Data block

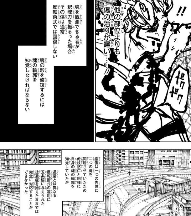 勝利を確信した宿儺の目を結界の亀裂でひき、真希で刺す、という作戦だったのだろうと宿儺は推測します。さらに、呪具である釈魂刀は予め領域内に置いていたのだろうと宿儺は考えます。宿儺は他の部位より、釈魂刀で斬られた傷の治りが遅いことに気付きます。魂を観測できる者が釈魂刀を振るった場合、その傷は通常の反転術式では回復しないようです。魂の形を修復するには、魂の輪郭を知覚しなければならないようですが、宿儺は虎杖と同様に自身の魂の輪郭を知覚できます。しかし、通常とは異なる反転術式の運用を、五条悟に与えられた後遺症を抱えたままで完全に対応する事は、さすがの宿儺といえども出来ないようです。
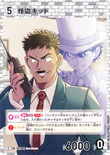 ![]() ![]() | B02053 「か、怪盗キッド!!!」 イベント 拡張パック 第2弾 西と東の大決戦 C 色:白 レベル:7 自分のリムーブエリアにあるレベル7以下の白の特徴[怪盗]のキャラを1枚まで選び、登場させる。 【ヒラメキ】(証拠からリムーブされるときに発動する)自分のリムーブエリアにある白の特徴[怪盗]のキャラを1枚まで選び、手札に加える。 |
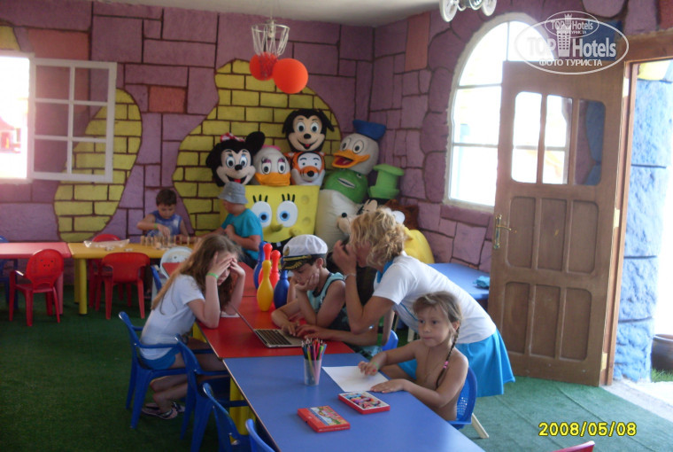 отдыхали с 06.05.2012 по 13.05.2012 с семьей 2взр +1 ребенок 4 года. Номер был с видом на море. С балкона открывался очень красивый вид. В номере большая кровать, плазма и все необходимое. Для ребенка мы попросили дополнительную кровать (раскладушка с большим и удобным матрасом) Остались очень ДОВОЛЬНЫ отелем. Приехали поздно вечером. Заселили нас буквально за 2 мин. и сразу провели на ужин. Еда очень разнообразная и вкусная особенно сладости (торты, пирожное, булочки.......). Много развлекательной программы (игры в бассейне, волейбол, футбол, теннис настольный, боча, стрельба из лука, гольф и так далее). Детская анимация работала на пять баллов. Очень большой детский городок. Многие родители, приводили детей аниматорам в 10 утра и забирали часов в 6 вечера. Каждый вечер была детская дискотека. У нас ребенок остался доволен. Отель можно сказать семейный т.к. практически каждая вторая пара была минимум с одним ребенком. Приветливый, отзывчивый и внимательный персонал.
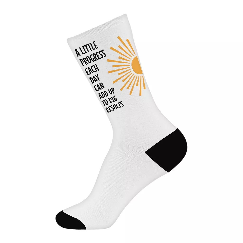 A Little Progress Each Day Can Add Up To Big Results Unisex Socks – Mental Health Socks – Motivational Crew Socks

Problem details
Quote the listing above in full, except for the pictures.

Answer area
 勝利を確信した宿儺の目を結界の亀裂でひき、真希で刺す、という作戦だったのだろうと宿儺は推測します。さらに、呪具である釈魂刀は予め領域内に置いていたのだろうと宿儺は考えます。宿儺は他の部位より、釈魂刀で斬られた傷の治りが遅いことに気付きます。魂を観測できる者が釈魂刀を振るった場合、その傷は通常の反転術式では回復しないようです。魂の形を修復するには、魂の輪郭を知覚しなければならないようですが、宿儺は虎杖と同様に自身の魂の輪郭を知覚できます。しかし、通常とは異なる反転術式の運用を、五条悟に与えられた後遺症を抱えたままで完全に対応する事は、さすがの宿儺といえども出来ないようです。
 ![]() ![]() | B02053 「か、怪盗キッド!!!」 イベント 拡張パック 第2弾 西と東の大決戦 C 色:白 レベル:7 自分のリムーブエリアにあるレベル7以下の白の特徴[怪盗]のキャラを1枚まで選び、登場させる。 【ヒラメキ】(証拠からリムーブされるときに発動する)自分のリムーブエリアにある白の特徴[怪盗]のキャラを1枚まで選び、手札に加える。 |
 отдыхали с 06.05.2012 по 13.05.2012 с семьей 2взр +1 ребенок 4 года. Номер был с видом на море. С балкона открывался очень красивый вид. В номере большая кровать, плазма и все необходимое. Для ребенка мы попросили дополнительную кровать (раскладушка с большим и удобным матрасом) Остались очень ДОВОЛЬНЫ отелем. Приехали поздно вечером. Заселили нас буквально за 2 мин. и сразу провели на ужин. Еда очень разнообразная и вкусная особенно сладости (торты, пирожное, булочки.......). Много развлекательной программы (игры в бассейне, волейбол, футбол, теннис настольный, боча, стрельба из лука, гольф и так далее). Детская анимация работала на пять баллов. Очень большой детский городок. Многие родители, приводили детей аниматорам в 10 утра и забирали часов в 6 вечера. Каждый вечер была детская дискотека. У нас ребенок остался доволен. Отель можно сказать семейный т.к. практически каждая вторая пара была минимум с одним ребенком. Приветливый, отзывчивый и внимательный персонал.
 A Little Progress Each Day Can Add Up To Big Results Unisex Socks – Mental Health Socks – Motivational Crew Socks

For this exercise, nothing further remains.